(Beginning of Raw data)

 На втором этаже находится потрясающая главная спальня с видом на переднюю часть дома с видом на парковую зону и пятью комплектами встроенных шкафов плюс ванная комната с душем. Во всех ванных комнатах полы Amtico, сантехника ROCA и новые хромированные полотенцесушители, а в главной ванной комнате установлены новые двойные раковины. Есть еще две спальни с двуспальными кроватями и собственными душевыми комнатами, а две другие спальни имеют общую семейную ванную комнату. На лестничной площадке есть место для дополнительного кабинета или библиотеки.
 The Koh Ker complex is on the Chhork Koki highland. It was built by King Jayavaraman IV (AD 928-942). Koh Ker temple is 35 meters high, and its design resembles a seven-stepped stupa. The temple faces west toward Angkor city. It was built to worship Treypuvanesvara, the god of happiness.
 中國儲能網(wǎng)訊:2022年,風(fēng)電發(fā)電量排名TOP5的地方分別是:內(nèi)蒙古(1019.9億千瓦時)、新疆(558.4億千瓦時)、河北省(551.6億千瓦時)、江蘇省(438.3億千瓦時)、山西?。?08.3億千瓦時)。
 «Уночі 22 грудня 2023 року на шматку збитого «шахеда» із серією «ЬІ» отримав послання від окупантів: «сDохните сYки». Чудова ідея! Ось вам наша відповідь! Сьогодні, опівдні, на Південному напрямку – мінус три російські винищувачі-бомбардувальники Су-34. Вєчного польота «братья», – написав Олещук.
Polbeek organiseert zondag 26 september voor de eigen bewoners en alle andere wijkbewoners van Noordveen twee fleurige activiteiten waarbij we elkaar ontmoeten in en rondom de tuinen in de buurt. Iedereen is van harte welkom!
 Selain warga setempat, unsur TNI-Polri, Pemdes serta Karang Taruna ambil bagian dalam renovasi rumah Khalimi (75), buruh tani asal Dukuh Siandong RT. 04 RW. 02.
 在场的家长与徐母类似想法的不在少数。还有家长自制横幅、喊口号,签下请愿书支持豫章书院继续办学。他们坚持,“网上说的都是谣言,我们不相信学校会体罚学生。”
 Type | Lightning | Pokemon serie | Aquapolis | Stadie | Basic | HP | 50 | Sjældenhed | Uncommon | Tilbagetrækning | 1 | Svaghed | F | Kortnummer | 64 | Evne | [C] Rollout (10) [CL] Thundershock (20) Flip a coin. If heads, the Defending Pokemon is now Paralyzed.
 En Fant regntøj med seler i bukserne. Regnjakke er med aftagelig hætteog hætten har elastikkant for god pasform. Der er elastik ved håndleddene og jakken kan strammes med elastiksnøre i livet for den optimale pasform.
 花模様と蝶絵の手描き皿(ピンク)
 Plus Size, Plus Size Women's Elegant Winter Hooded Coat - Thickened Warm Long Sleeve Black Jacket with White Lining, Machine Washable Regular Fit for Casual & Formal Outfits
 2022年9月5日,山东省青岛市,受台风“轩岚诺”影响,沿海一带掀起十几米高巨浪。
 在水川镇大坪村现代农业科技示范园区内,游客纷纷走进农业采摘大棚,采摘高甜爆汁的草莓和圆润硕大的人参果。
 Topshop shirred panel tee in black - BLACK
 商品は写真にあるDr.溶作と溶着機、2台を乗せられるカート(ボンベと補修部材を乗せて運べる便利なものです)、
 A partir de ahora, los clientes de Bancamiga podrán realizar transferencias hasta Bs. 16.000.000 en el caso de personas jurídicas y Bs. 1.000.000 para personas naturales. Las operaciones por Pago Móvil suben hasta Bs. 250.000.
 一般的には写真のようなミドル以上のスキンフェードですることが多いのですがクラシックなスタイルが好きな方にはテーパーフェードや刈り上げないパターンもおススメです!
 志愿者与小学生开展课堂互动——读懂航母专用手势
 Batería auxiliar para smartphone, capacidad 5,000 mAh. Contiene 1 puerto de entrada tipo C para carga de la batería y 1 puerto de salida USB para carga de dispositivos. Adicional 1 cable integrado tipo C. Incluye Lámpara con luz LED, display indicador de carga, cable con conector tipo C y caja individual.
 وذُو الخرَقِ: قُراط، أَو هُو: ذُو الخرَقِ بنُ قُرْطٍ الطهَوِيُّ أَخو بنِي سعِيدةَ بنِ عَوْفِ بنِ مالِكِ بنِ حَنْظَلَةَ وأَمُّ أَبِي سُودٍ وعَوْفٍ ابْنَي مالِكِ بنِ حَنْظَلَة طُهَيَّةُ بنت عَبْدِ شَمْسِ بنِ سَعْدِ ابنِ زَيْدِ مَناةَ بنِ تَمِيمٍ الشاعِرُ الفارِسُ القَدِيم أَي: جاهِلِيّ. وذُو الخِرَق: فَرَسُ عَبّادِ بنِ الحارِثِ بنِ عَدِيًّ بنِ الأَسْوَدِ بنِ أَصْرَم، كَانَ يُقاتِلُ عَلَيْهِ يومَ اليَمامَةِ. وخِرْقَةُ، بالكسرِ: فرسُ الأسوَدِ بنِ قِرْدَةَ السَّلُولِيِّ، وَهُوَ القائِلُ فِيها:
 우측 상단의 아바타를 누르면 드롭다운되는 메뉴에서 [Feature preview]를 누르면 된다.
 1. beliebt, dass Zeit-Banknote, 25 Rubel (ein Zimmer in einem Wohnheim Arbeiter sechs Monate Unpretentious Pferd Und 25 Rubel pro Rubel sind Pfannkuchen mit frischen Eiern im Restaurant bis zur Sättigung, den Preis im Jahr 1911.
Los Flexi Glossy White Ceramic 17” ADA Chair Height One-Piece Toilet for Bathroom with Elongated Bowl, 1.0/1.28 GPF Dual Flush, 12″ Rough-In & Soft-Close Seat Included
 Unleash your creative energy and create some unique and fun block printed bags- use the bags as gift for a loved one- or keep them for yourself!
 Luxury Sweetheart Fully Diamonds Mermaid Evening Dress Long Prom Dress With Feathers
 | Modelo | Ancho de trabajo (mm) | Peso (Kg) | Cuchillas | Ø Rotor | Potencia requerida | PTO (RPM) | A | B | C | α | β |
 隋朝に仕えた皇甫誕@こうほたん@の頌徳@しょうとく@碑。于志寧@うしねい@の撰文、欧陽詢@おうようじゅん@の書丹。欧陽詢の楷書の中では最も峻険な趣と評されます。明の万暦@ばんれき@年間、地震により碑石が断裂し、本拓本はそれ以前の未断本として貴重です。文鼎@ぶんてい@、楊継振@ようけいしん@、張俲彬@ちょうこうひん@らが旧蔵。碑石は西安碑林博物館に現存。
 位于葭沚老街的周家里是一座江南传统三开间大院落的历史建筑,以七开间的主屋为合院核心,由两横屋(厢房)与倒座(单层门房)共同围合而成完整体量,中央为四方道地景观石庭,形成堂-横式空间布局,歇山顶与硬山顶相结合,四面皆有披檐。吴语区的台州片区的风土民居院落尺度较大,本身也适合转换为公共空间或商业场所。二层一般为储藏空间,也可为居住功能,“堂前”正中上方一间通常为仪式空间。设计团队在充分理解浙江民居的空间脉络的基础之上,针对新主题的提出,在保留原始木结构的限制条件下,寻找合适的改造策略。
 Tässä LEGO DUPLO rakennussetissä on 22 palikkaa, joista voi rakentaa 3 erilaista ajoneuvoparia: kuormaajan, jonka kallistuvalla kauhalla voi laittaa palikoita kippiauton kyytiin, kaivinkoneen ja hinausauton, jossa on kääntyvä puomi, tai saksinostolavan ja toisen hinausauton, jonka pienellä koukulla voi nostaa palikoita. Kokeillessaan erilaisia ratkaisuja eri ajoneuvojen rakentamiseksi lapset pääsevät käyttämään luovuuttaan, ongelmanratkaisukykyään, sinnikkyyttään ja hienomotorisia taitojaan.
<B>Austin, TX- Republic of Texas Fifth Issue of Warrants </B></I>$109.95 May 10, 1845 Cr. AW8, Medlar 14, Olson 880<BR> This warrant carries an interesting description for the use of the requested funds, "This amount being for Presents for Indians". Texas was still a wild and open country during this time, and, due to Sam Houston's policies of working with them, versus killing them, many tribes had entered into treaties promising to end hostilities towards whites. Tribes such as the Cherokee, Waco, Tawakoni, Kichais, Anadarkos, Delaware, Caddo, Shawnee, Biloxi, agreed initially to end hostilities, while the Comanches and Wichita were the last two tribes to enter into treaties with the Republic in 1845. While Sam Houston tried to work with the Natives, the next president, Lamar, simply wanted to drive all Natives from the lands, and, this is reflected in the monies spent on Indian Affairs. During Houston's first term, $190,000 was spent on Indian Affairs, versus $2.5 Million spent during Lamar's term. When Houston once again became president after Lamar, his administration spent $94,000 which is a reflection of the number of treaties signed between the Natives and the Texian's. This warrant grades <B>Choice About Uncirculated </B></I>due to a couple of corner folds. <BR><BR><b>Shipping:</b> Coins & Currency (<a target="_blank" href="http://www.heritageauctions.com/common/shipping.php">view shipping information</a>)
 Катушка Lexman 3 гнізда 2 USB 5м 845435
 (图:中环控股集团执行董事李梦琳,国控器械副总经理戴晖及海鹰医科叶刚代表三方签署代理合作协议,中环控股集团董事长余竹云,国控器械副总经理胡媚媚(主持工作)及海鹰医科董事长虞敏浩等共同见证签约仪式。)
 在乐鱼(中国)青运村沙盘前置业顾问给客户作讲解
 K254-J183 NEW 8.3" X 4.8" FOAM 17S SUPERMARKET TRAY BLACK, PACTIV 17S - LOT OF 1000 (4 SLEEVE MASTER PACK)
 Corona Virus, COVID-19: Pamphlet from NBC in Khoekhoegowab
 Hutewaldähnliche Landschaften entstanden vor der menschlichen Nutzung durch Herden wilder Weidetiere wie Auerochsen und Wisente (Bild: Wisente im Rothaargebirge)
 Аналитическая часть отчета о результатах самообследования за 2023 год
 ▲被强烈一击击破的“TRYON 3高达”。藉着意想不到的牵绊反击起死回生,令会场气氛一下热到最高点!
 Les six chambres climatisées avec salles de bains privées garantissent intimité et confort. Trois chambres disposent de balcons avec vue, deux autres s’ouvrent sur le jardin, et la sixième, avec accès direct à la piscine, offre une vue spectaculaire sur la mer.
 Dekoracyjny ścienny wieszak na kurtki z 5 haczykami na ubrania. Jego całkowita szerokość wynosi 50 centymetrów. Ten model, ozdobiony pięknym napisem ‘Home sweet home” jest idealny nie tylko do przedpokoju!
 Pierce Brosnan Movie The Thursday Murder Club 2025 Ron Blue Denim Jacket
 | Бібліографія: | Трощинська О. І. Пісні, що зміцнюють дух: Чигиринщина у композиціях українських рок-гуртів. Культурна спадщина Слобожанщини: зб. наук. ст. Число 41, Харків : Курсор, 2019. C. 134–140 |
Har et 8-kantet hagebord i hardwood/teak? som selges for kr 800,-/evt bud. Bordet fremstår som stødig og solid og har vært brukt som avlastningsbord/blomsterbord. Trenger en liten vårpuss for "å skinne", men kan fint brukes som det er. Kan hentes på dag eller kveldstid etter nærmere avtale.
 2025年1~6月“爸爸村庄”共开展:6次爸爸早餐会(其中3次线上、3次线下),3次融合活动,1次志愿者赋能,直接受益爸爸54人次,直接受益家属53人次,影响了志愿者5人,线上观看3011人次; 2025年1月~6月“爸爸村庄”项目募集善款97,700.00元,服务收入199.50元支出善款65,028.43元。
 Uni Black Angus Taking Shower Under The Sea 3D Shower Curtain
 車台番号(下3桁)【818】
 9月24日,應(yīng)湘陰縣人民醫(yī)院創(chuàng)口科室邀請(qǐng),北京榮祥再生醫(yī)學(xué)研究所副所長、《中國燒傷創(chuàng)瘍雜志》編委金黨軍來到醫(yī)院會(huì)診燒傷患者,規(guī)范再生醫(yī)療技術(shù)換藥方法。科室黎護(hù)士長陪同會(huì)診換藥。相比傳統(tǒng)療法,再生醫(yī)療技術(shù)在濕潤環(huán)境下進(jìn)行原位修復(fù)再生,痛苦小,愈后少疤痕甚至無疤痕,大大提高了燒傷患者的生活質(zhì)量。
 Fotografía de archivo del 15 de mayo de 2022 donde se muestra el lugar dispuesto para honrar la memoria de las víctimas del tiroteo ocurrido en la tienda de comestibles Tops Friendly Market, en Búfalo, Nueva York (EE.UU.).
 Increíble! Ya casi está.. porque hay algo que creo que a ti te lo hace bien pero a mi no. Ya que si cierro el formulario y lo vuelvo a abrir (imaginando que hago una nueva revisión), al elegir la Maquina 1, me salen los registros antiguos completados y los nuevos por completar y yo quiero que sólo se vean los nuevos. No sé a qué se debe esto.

(End of Raw data)

- **Work instruction**: Which lines above contain the word "часть"? List them.

- **Reply to the task**:
 На втором этаже находится потрясающая главная спальня с видом на переднюю часть дома с видом на парковую зону и пятью комплектами встроенных шкафов плюс ванная комната с душем. Во всех ванных комнатах полы Amtico, сантехника ROCA и новые хромированные полотенцесушители, а в главной ванной комнате установлены новые двойные раковины. Есть еще две спальни с двуспальными кроватями и собственными душевыми комнатами, а две другие спальни имеют общую семейную ванную комнату. На лестничной площадке есть место для дополнительного кабинета или библиотеки.
 Аналитическая часть отчета о результатах самообследования за 2023 год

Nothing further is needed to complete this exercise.